● What you will do:
Reproduce exactly, and only, the lines below from the one containing "Total Omega-3 fatty" through the one containing "11月6日,在第三屆礦產(c".

● Excerpted records:
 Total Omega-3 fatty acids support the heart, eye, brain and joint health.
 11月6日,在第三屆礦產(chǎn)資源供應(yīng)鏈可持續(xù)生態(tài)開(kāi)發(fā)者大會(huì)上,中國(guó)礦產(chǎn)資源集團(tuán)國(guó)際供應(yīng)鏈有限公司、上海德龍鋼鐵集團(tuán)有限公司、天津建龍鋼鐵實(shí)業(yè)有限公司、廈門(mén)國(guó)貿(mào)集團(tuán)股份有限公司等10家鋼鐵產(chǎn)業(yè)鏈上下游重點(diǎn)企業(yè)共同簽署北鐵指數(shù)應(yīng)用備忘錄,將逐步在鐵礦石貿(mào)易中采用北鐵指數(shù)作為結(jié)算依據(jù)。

--

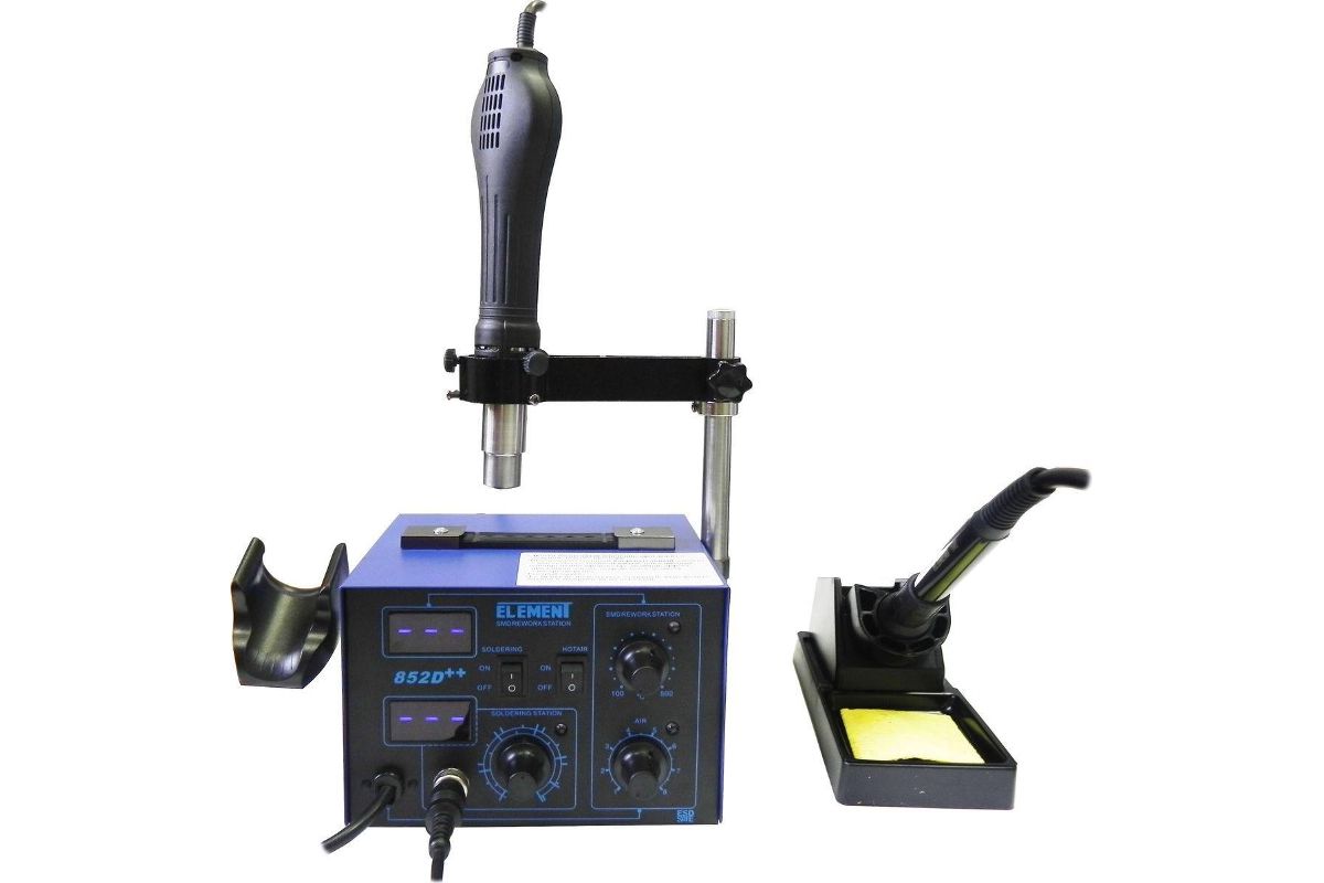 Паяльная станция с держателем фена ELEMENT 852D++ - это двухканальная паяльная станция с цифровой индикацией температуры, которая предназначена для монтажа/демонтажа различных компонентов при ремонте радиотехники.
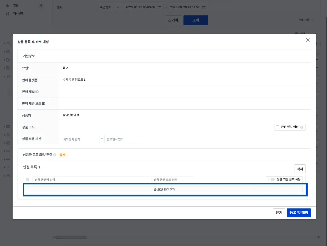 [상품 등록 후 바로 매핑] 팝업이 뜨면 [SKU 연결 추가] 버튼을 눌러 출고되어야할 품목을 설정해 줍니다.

---

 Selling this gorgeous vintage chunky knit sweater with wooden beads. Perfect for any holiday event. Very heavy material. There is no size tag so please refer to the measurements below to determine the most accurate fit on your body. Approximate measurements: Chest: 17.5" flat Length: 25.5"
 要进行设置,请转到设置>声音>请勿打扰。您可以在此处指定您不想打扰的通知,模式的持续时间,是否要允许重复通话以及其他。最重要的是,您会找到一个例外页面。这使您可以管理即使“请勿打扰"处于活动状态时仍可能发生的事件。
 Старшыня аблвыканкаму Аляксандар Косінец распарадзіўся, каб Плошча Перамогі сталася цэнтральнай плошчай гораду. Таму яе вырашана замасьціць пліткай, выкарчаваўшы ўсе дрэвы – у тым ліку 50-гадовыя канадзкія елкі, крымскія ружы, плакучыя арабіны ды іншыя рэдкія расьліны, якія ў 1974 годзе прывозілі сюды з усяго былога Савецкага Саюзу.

● Answer section:
 Total Omega-3 fatty acids support the heart, eye, brain and joint health.
 11月6日,在第三屆礦產(chǎn)資源供應(yīng)鏈可持續(xù)生態(tài)開(kāi)發(fā)者大會(huì)上,中國(guó)礦產(chǎn)資源集團(tuán)國(guó)際供應(yīng)鏈有限公司、上海德龍鋼鐵集團(tuán)有限公司、天津建龍鋼鐵實(shí)業(yè)有限公司、廈門(mén)國(guó)貿(mào)集團(tuán)股份有限公司等10家鋼鐵產(chǎn)業(yè)鏈上下游重點(diǎn)企業(yè)共同簽署北鐵指數(shù)應(yīng)用備忘錄,將逐步在鐵礦石貿(mào)易中采用北鐵指數(shù)作為結(jié)算依據(jù)。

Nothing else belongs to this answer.